I also began suffering from insomnia; after all, it’s not like the artist exercised a monopoly on that. So I would examine my life and put things in perspective. Then I would amuse myself by thinking up ways to get to him, to hurt him. My need for revenge would become twice as ferocious during those sleepless nights:

• Burn his collection of ancient manuscripts, which I stole from his studio. I know, that’s criminal, but if it makes him suffer, then that’s what I’ll have to do.

• Stalk the mistresses of his I’ve been able to track down and keep Foulane apprised of my actions and the reactions of the women who wrecked my life.

• Take advantage of his guard being momentarily lowered to get him to sign over power of attorney (I already have the letter) so I can transfer all his assets into my bank account. As he loves money, this will drive him crazy.

• Have medical experts declare him of unsound mind and thus have him placed under my tutelage.
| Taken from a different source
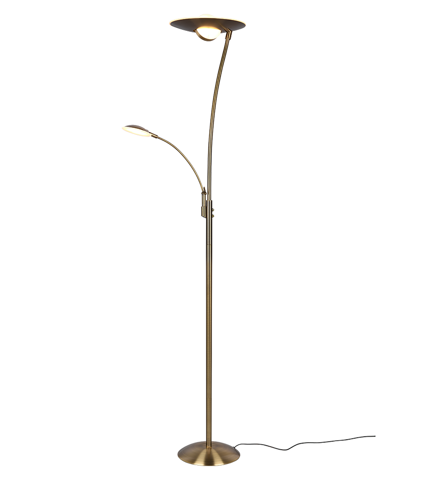 Moderni lattiaylösvalo Granby tuo valon tehokkaasti tilaan. Ylöspäin valaiseva led-valo tuo tasaisen yleisvalon epäsuorasti eli häikäisemättä ja valaisimen varressa oleva lukuvalo antaa tarvittaessa suoran, tehokkaan lisävalon. Tyylikäs valinta olohuoneeseen tai työhuoneeseen. Molemmille valoille on oma katkaisija ja katkaisijasta voi valita kolmesta värisävystä (2700K/3200K/4000K) sekä himmentää portaattomasti. Ylösvalo 1 x SMD LED 29W · max 3400lm, 2700+3200+4000K Alavalo 1 x SMD LED 6,5W · max 650lm, 2700+3200+4000K Himmenninkatkaisijat ovat keskellä valaisimen varressa. Valaisimessa on muistitoiminto, valo syttyy edellisen kerran jätettyyn valintaan. Antiikkimessinginvärinen metallirunko.

• He’ll only piss when I let him. He’ll call and call but I won’t come to help him to the bathroom. I love thinking about him feeling his hot piss run down his legs. He’ll be so humiliated.
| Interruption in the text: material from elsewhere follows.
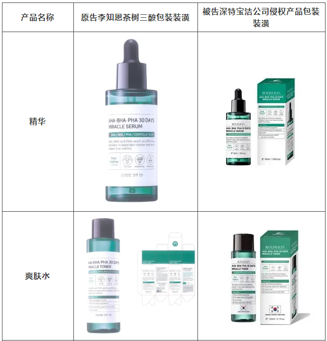 2021年原告委托完美对战平台调查发现,被告汕头市深特宝洁实业有限公司生产、销售和推广的“茶树祛痘美白补水液”“茶树香皂”等护肤品,其产品包装装潢直接抄袭、摹仿原告前述已经具有较高知名度和影响力的“SOME BY MI/莎柏蜜”茶树三酸系列化妆品和黑蜗牛精华液的包装、装潢设计,使用与之近似的标识,造成消费者混淆误认。故原告作为茶树三酸、黑蜗牛精华包装装潢权益获益人,诉至广东省汕头市中级人民法院。汕头中院认定:李知恩主张的茶树三酸、黑蜗牛精华包装装潢构成具有一定影响的包装装潢,深特宝洁公司生产、销售茶树三酸、黑蜗牛精华液的行为构成不正当竞争。因判赔额不符合原告预期,原告后上诉至广东省高级人民法院,广东省高级人民法院最终维持一审判决。
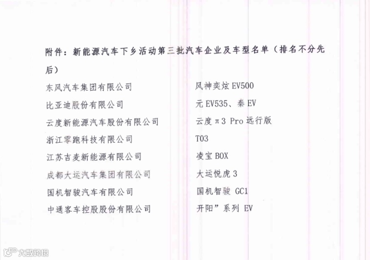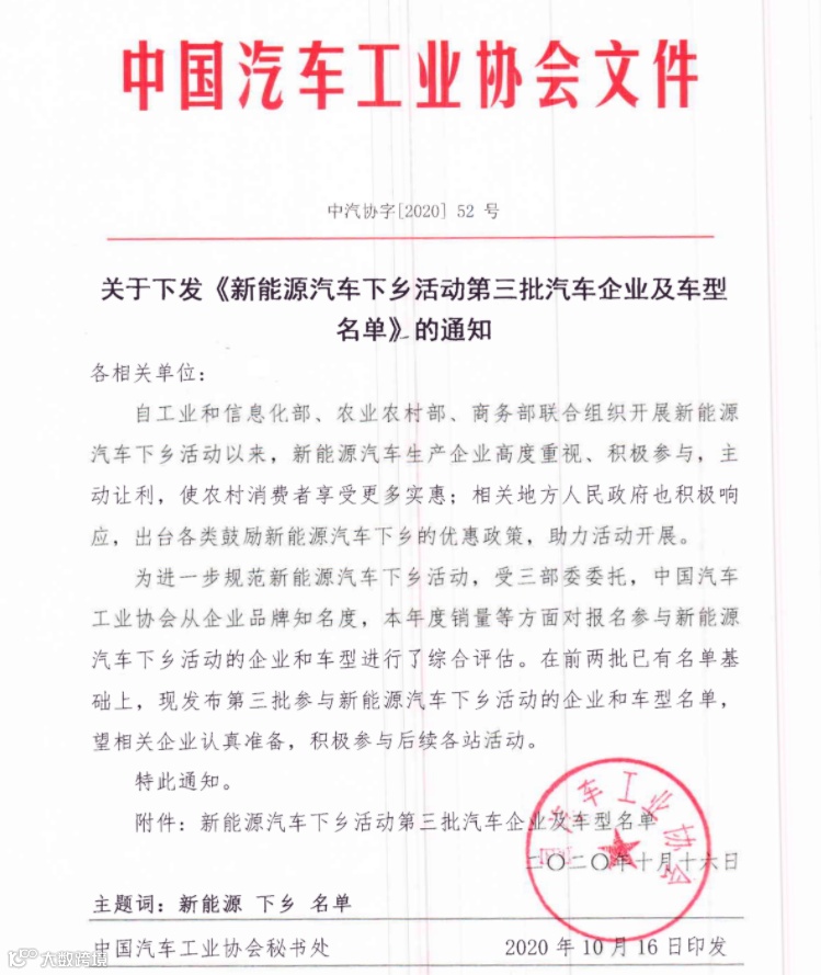 10月19日,中国汽车工业协会公布《新能源汽车下乡活动第三批汽车企业及车型名单》。《名单》显示,包括东风汽车、比亚迪、云度新能源、零跑汽车、江苏吉麦新能源、成都大运、国机智骏和中通客车等在内的8家车企。

I’ve got plenty of other ideas. But I’m going to do this step by step. No sudden, impromptu moves.

Love

Sometimes I still ask myself: did I ever love this man? Perhaps I didn’t love him as I should have done, but these days, after having gotten everything off my chest, and after having talked about it and reflected on it, I can safely say I was only ever spurred by love. Not just any kind of love. The sort of love that had neither rhyme nor reason to it. Something different. I loved him because I had no other choice. I came from a faraway place, a land few people knew much about. One day, when my family had been celebrating an engagement, I’d gotten very troubled. I looked around myself and everything seemed so unlike the life I led with Foulane. I felt I was utterly unlike those people: the women were satisfied, the men looked happy and comfortable, and the children were allowed to run loose around a dusty, filthy courtyard. I looked at my aunt, whose daughter had just given birth to a baby, and asked myself: “Do she and her husband love each other?” I observed them in their respective nooks: my aunt busy preparing dinner while my uncle played cards with the other men. Love, the real kind of love that sweeps everything in its path, was nowhere to be seen anywhere around me, and was certainly not to be found in that house in the middle of that desolate bled where everything was neatly arranged and in its place. Not the slightest trace of conflict … the women knew their place, and the men knew theirs. Nature and traditions followed their own logic, while I felt out of place in that gathering where everyone was happy and content. I had to make sure I didn’t disturb it. I stepped away and observed that happiness following its own rhythm, adhering to a ritual I could not understand. I had become a stranger in my own homeland. My father had told me on numerous occasions that our roots were always a part of us, and I could see his point, but it felt as though mine hadn’t followed, or better yet, that they had abandoned me; and when I went to look for them, all I found were the ridiculous traces of a crude, impoverished peasantry.